The Shelby County v. Holder ruling’s specific move was to strike down this preclearance formula as unconstitutional. Though it upheld the preclearance requirement itself, the protections are, in effect, removed until Congress passes legislation describing a new formula.
“The removal of the Voting Rights Act protection could be particularly damaging going forward in a period of increasing diversity in the U.S., with the growing number of minorities deserving a fair shot at representation” —Federico Ricca
In his majority opinion, Justice John Roberts hinged his argument on how much voting access has improved in the nearly half century since the Voting Rights Act was passed, arguing that the coverage criteria were outdated.
“Voter registration and turnout numbers in the covered States have risen dramatically in the years since,” Justice Roberts wrote. “Racial disparity in those numbers was compelling evidence justifying” the Voting Rights Act’s preclearance rules. “There is no longer such a disparity.”
Analyzing new data
The study’s findings undermine Justice Roberts’ words. Since the ruling, Trebbi says, he’s been eager to investigate its impact on minority voting. He has previously published research on strategic minority disenfranchisement in the U.S., and he needed to wait for Census data to accumulate before he could dive into his questions around Shelby.
Racial and ethnic minorities are underrepresented at all levels of government. For example, they account for 40% of the U.S. population but are still only 23% of Congress. In 2018, Latinos made up 18.1% of the U.S. population, but only 1.2% of all national and local elected officials.
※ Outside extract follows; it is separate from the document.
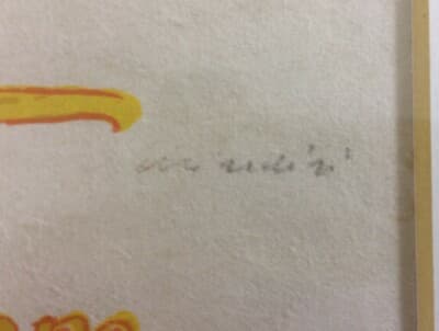 Interessante illustrazione artistica dell'artista **Gianpaolo Berto**, risalente al **1968**. L'opera raffigura una natura morta composta da frutta (pera, uva) e un bicchiere. * **Tecnica**: Serigrafia a colori su carta. * **Dimensioni**: 49x66 cm circa (foglio intero, margini irregolari). * **Firme**: Firmata a stampa in basso a sinistra e firmata a matita dal maestro nel margine inferiore destro. **Stato di conservazione**: L'esemplare si presenta in modesta conservazione generale. Sono presenti evidenti segni del tempo e difetti d'uso tra cui fioriture sparse, bruniture, ampie gore (macchie d'umidità) e sgualciture marginali. Segni di vecchia umidità visibili in particolare sul retro.

Trebbi and Ricca chose to focus on local politics because the elections are nonpartisan, yet often sharply divided by race and ethnicity. City councils are important because they often serve as a launching point for careers in higher office, and they make decisions on policies and services that directly impact the average voter. So the researchers’ first step was to analyze the relationship between shares of minority voters and shares of minority city council members.
Focusing on cities also gave them a large sample to work with. They used data on municipalities and their council composition, forms of government, and electoral rules from surveys managed by the International City/County Management Association (ICMA), complemented by sociodemographic data from the U.S. Census. Their sample covered 7,687 cities between 1981 and 2020.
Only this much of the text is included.